Yep, just create a separate index.
(I saw in your other messages that you’re already trying that)

Stan

From: eugene miretsky
Sent: 18 сентября 2018 г. 17:56
To: user@ignite.apache.org
Subject: Re: IGNITE-8386 question (composite pKeys)

So how should we work around it now? Just create a new index for (customer_id, 
date)?

Cheers,
Eugene

On Mon, Sep 17, 2018 at 10:52 AM Stanislav Lukyanov <stanlukya...@gmail.com> 
wrote:
Hi,
 
The thing is that the PK index is currently created roughly as
    CREATE INDEX T(_key)
and not
    CREATE INDEX T(customer_id, date).
 
You can’t use the _key column in the WHERE clause directly, so the query 
optimizer can’t use the index.
 
After the IGNITE-8386 is fixed the index will be created as a multi-column 
index, and will behave the way you expect (e.g. it will be used instead of the 
affinity key index).
 
Stan
 
From: eugene miretsky
Sent: 12 сентября 2018 г. 23:45
To: user@ignite.apache.org
Subject: IGNITE-8386 question (composite pKeys)
 
Hi, 
 
A question regarding 
https://issues.apache.org/jira/browse/IGNITE-8386?focusedCommentId=16511394&page=com.atlassian.jira.plugin.system.issuetabpanels%3Acomment-tabpanel#comment-16511394
 
It states that a pkey index with a  compoise pKey is "effectively useless". 
Could you please explain why is that?
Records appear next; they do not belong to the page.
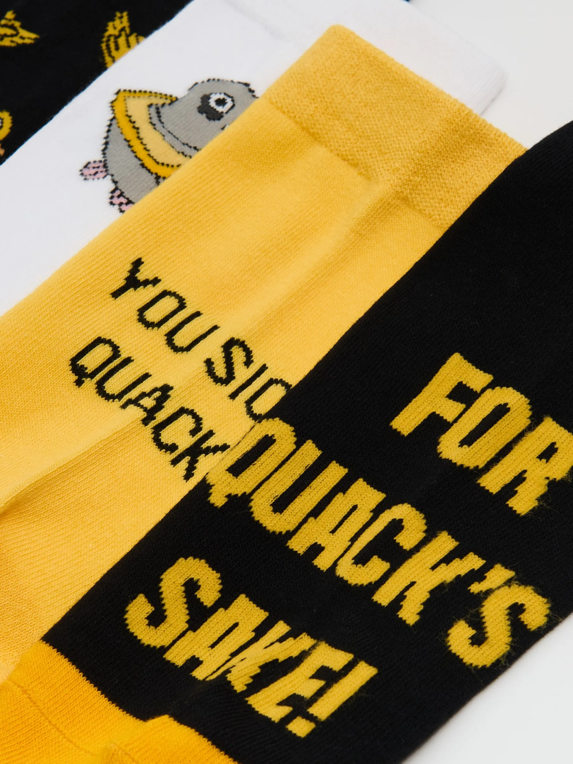 Zestaw pięciu par męskich, długich skarpet uszytych z przyjemnej w dotyku mieszanki dzianin. Na każdej parze inny gatunek ptaka – kaczka, gęś, gołąb. Miksuj dowolnie! dzianina z domieszką elastycznych włókien dłuższy, prosty krój nadruk all over brandowy nadruk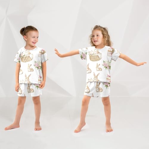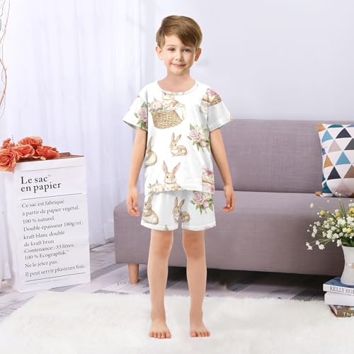 More information about Summer Pajama Set Watercolor Easter Rabbit Pattern, Short Sleeve Sleepwear Nightwear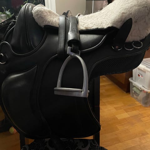 Lufter interessen for salen min. Str M. Stigbøylereimer og stigbøyler følger med. Reimer for gjordtfeste byttet på en side for 6 mnd siden. Brukt på irish cob og kaldblods.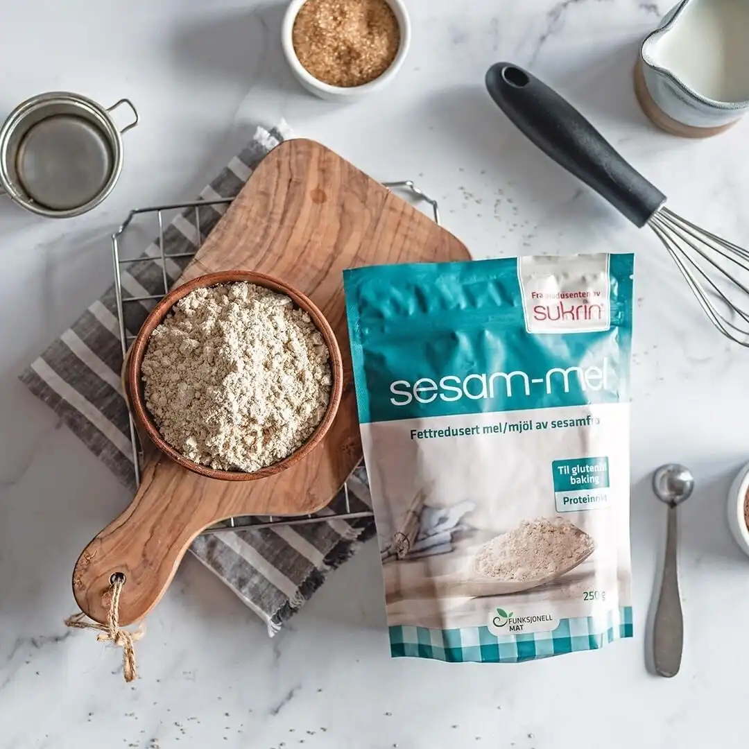 Sesammeel is koolhydraat-arm, daarom is het een geweldig ingrediënt voor een koolhydraat-arme levensstijl. Je kunt het in talloze recepten gebruiken om de hoeveelheid koolhydraten in te perken. Bovendien bevat het van nature 46% pure proteïne. Dat maakt sesammeel een heerlijke en voedzame toevoeging aan je dieet. Sukrin sesammeel bevat maar 1/3 van het vet van gewoon sesamzaad. Daarom is het het perfecte ingrediënt voor ‘light’ koken en bakken.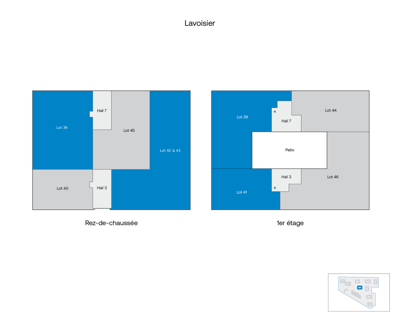 | Lot 42 & 43 | Typologie:Bureaux | Surface totale (m²):592 | Loyer HT/HC (€/m²):150 | Charges (€/m²):26,6 | Taxes (€/m²):- | Commentaires:Lot divisible Disponible après rénovation |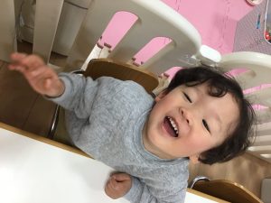 0歳児さんは目をまんまるにしてにっこり😊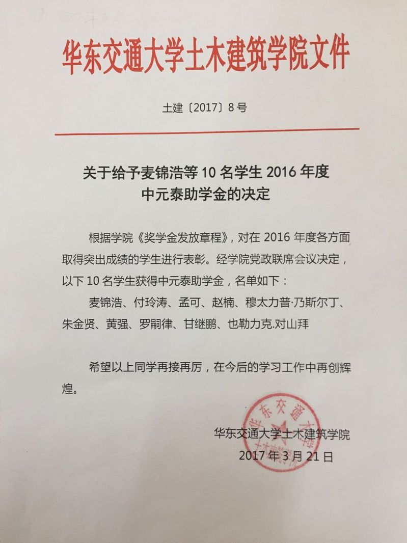 2016中元泰奖学金名单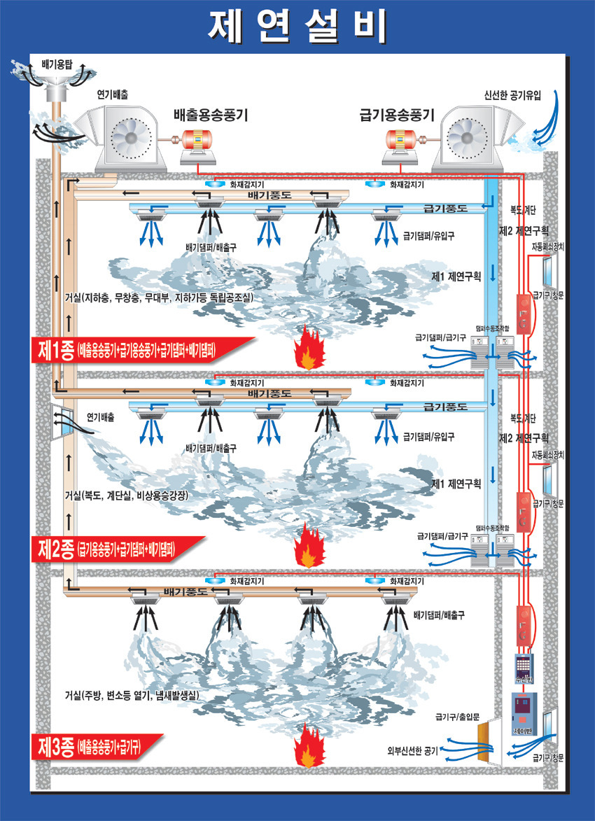화재가 발생하면 화재수신기의 신호를 받아서 급기 및 배기송풍기가 운전하기 시작하고 제연통로에는 제연댐퍼가 열리면서 연기를 흡입하면서 맑은 공기를 공급하여 피난로에 신선한 공기를 확보시켜 주는 것이다.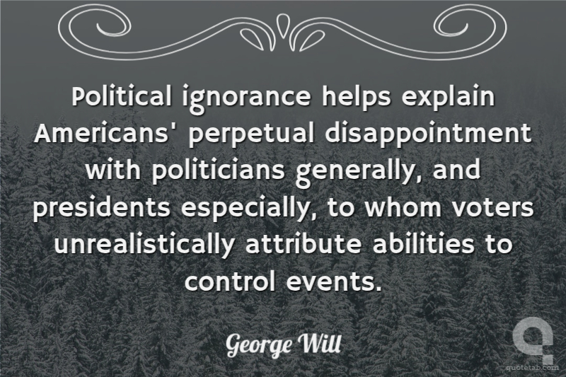 Political ignorance helps explain Americans' perpetual disappointment with politicians generally, and presidents especially, to whom voters unrealistically attribute abilities to control events.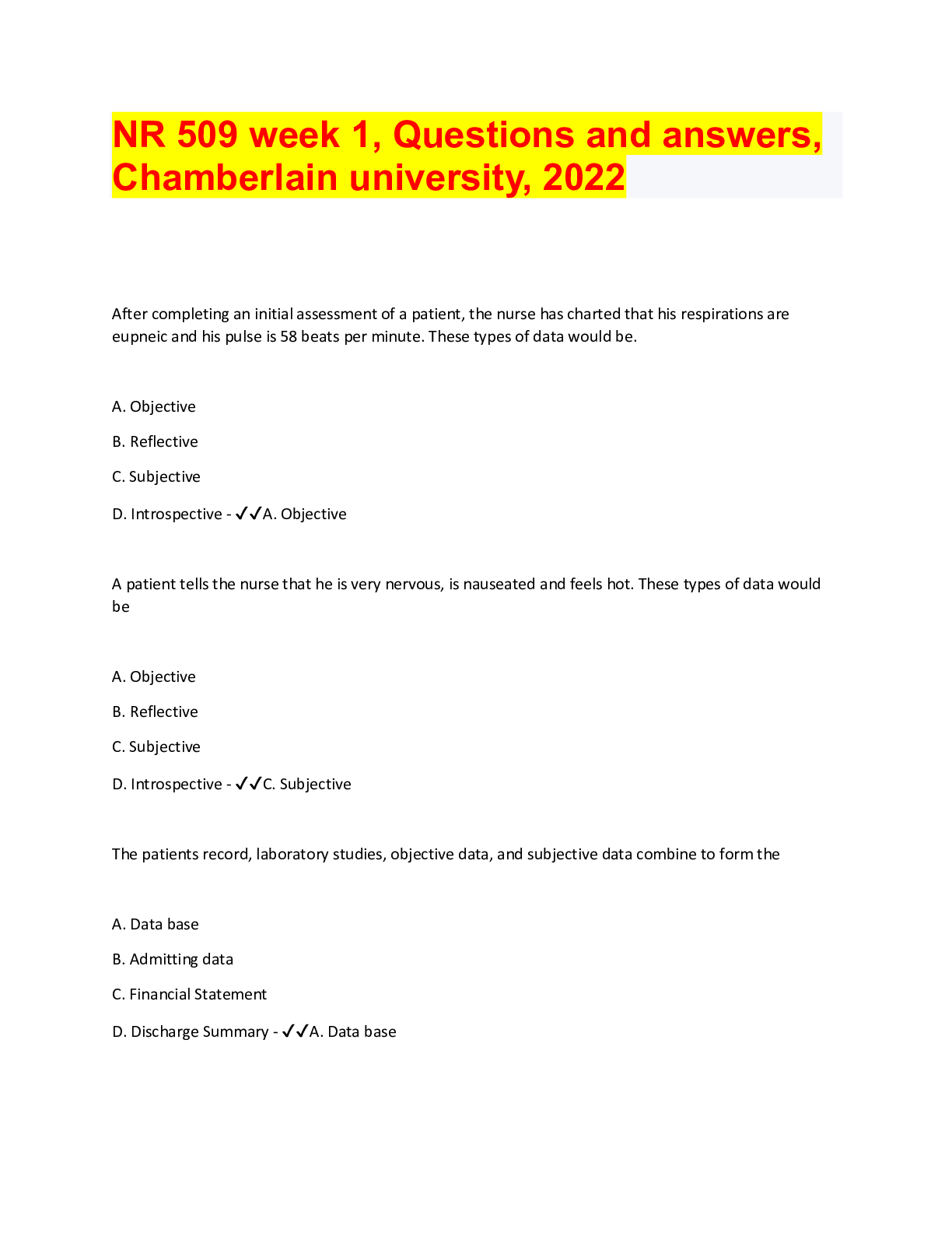 *NURSING> QUESTIONS & ANSWERS > NR 509 week 1, Questions and answers, Chamberlain university, 2022 (All)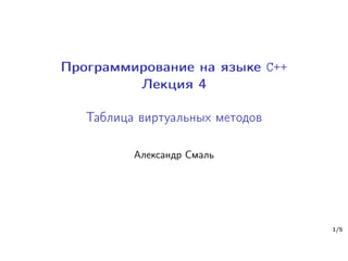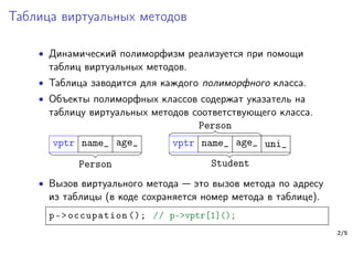 Документ посвящен таблицам виртуальных методов в C++, объясняющим динамический полиморфизм и его реализацию через виртуальные методы. Приводятся примеры классов, таких как 'person', 'student', 'teacher' и 'professor', демонстрирующие, как работают виртуальные функции и как они связаны с указателями на таблицы методов. Также рассматриваются особенности вызова методов, включая использование виртуальных методов в конструкторах и деструкторах.

We have a pKey that we are using as an 
index. 
 
Also, on our pKey is (customer_id, date) and affinity column is customer_id. I 
have noticed that most queries use AFFINITY_KEY index. Looking at the source 
code, AFFINITY_KEY index should not even be created since the first field of 
the pKey  is the affinity key. Any idea what may be happening?